Correlation between blood flow distributions using DPDR and PPS
Correlation between the preoperative BFRs of the affected side, obtained from DPDR and PPS, was examined in 44 patients. Figure 3 shows the linear regression analysis with excellent correlation between the distributions of affected-side-to-total ratios, obtained by DPDR (y) and PPS (x) (r=0.868, P<0.01).
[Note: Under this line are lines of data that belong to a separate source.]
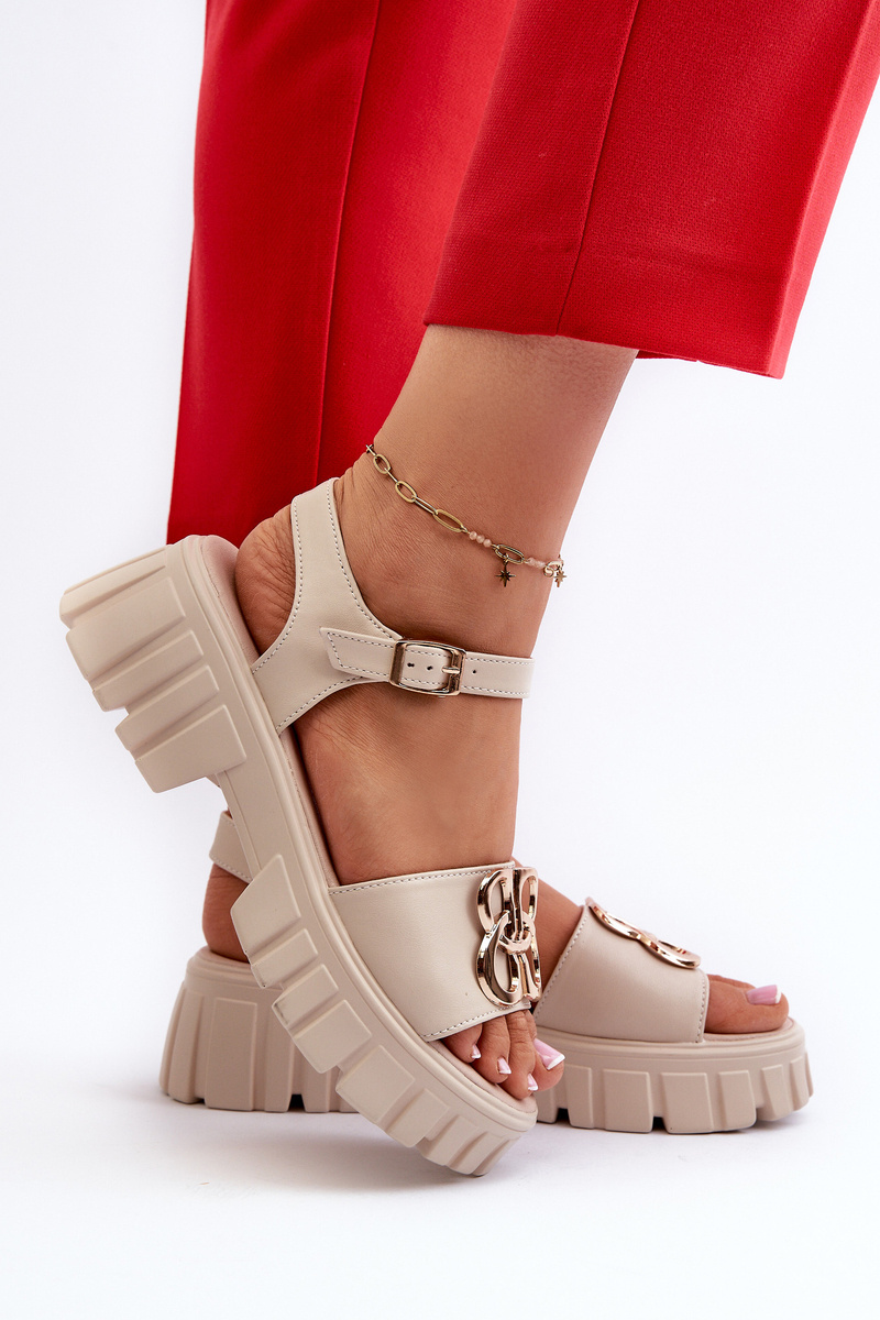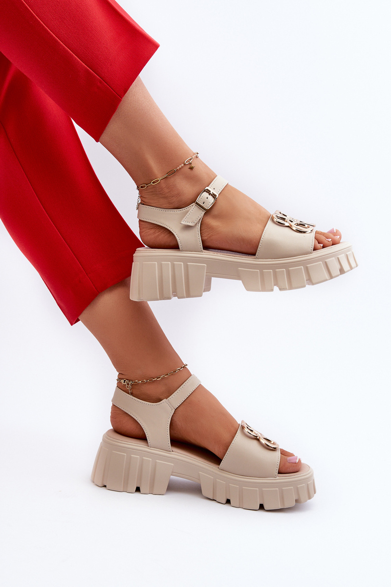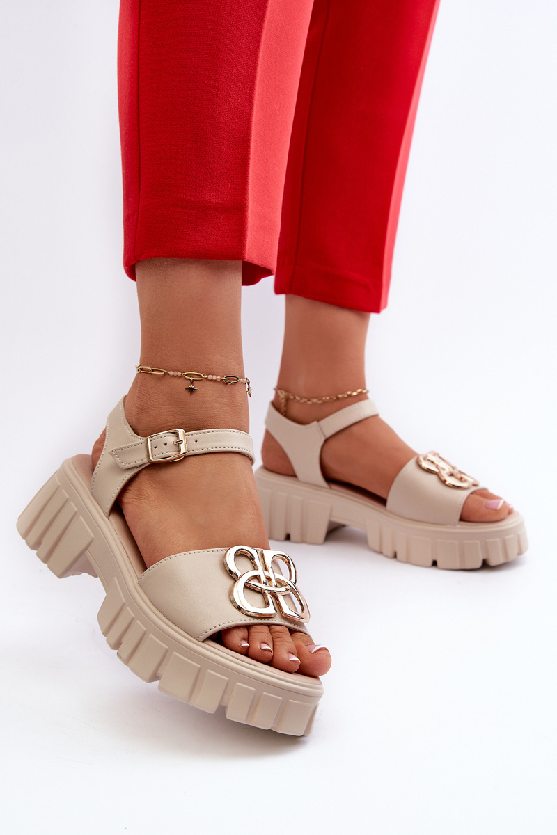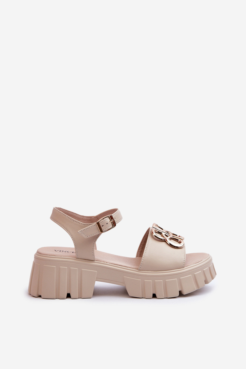 Skórzane Sandały Damskie Ze Złotą Ozdobą Beżowe Vinceza 7910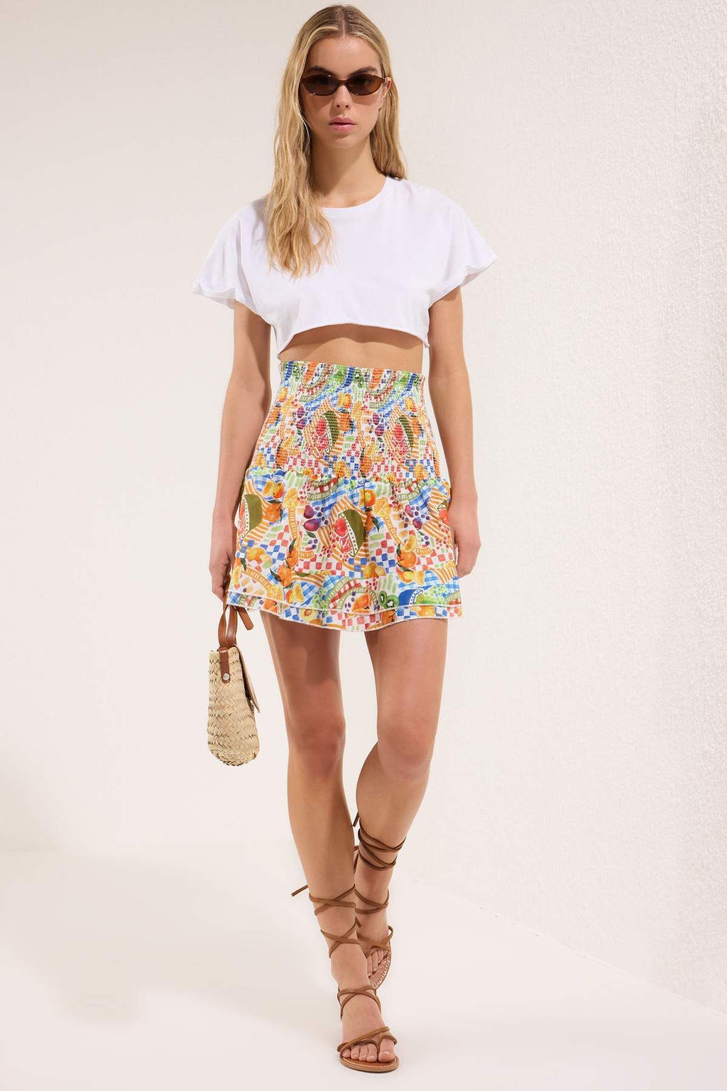 Trendyolmilla Cok Renkli Etegi Katl? Desenli Yazl?k %100 Pamuk Mini Etek TWOSS25ET00187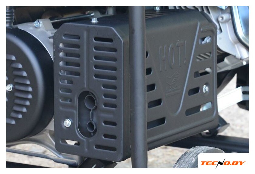 Синхронный генератор оснащен выходом постоянного тока 12 В, розетками 220 В (16 А и 32 А) и встроенной защитой от перегрузки. Для удобства управления на панели находится вольтметр. Отсутствие розеток 380 В компенсируется высокоэффективной работой однофазных устройств.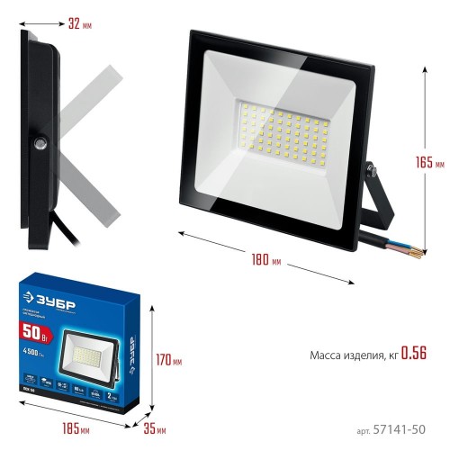 Прожектор светодиодный ЗУБР 57141-50, предназначен для наружного освещения на открытых строительных и производственных площадках. Используется для подсветки объектов: витрин, экспозиций, рекламных стендов и щитов, фасадов зданий и т.п. Прожектор может также применяться для внутреннего освещения больших помещений: залов, спортивных помещений, автостоянок. Благодаря ударопрочному корпусу, термостойкому стеклу и высокому классу электрозащиты можно использовать на улице в любую погоду. Широкий диапазон рабочих температур: -45С+50С. Порошковая окраска обеспечивает защиту от коррозии. Герметичная пыле-влагозащищенная конструкция IP65. Срок службы светодиодов 30 000 часов. Низкое энергопотребление. Высокая энергоэффективность.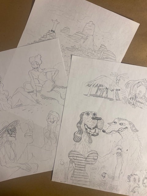 One selection from an on-going body of work- roughs drawn while fleshing out a project, aimless sketching to come up with new ideas, and warm-up doodles drawn from photographs.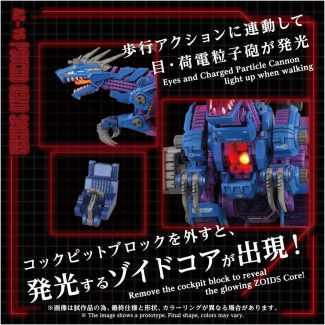 Plastic SF/Anime Character Assembly Kit ADVANCED - It represents a step toward further evolution, the development of common sense. The pinnacle brand embodying the ultimate form of moving kits, incorporating “reconstruction,” “refinement,” and “honing” based on themes set for each Zoid. 1/72 scale assembly kit. Powered by an electric unit, switching it on enables dinosaur-like, powerful walking. Manually recreates the transformation into the charged particle cannon firing form, a signature feature from the anime series. Eyes, charged particle cannon, and Zoids Core illuminate with LEDs. Includes 1/72 scale anime character figures of Liese and an original soldier, both cockpit-compatible, plus an Organoid Specular (all figures unpainted). Head, back, and leg armaments recreated with newly sculpted parts. Product Dimensions (mm) W 100.00 H 180.00 D 320.00 Set Contents Complete Runners (1), Complete Parts (1), Power Unit (1), Complete Pilot Figures (1), Label (1), Instruction Manual (1), Batteries Required Requires 2 AA alkaline batteries (batteries sold separately). *To prevent accidental ingestion, the battery compartment lid uses a screw-on design. (C) TOMY (C)ShoPro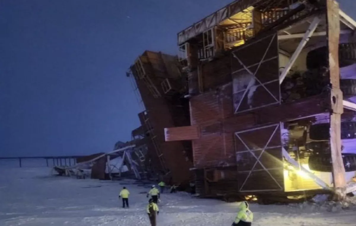 Недалеко от нефтяного месторождения Альпайн на севере Аляски упала крупнейшая мобильная буровая установка, инцидент сняли на видео.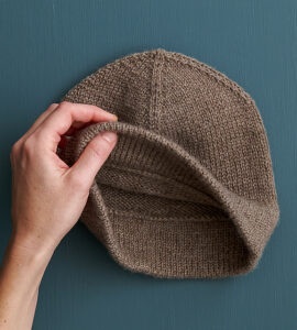© 2025 Purl Soho. Original titel Simply Hemmed Hat. Kun til personlig brug. Hverken opskrift eller færdigstrikket produkt må videresælges. Kontakt Purl Soho via Ravelry eller på www.purlsoho.com.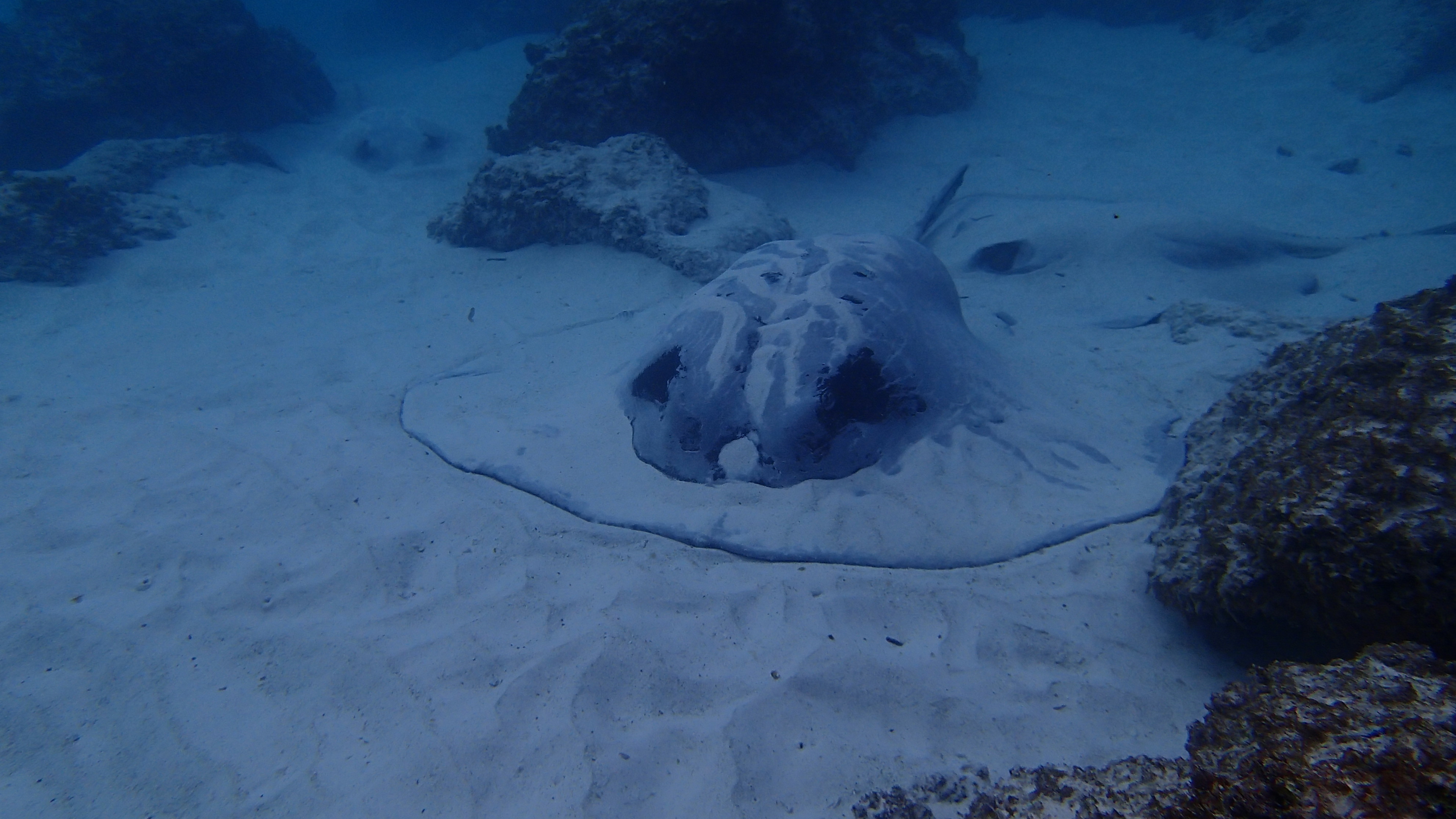 Le fond est sableux jusqu’à Roca Daniel et il est par endroit tapissé de raies, dont certaines énormes.

Correlation between the measured and predicted spirometry values using DPDR and PPS
Ppo lung function was obtained by multiplying the PoPR, calculated using the left–right BFR from DPDR and PPS, with the preoperative spirometry measurements. While there was a high correlation between PoPRs calculated from DPDR and PPS (r=0.975, P<0.01), four out of 44 (9.1%) cases deviated from the limits of agreement in the Bland-Altman analysis (Figure S1). The relationship between the measured values, such as FEV1 and DLco, which have been frequently used to predict postoperative lung function and perioperative risk, and predictive values, using BFRs from DPDR and PPS, was examined among 44 patients who underwent simultaneous DPDR and PPS at 1, 3, and 6 months postoperatively. Table 2 presents a summary of the correlation coefficients obtained using DPDR and PPS. The correlation coefficients between the predicted values, obtained from DPDR or PPS, and the measured values at postoperative months 1, 3, and 6 were high (r>0.8). Furthermore, these results also showed a high correlation between DPDR and PPS.
Table 2
Modality | FEV1 | DLco | |||||
---|---|---|---|---|---|---|---|
1POM | 3POM | 6POM | 1POM | 3POM | 6POM | ||
DPDR | 0.809 | 0.845 | 0.855 | 0.847 | 0.848 | 0.854 | |
PPS | 0.808 | 0.839 | 0.848 | 0.847 | 0.849 | 0.853 |
DPDR, dynamic perfusion digital radiography; PPS, pulmonary perfusion scintigraphy; FEV1, forced expiratory volume in one second; DLco, diffusing capacity for carbon monoxide; POM, postoperative month.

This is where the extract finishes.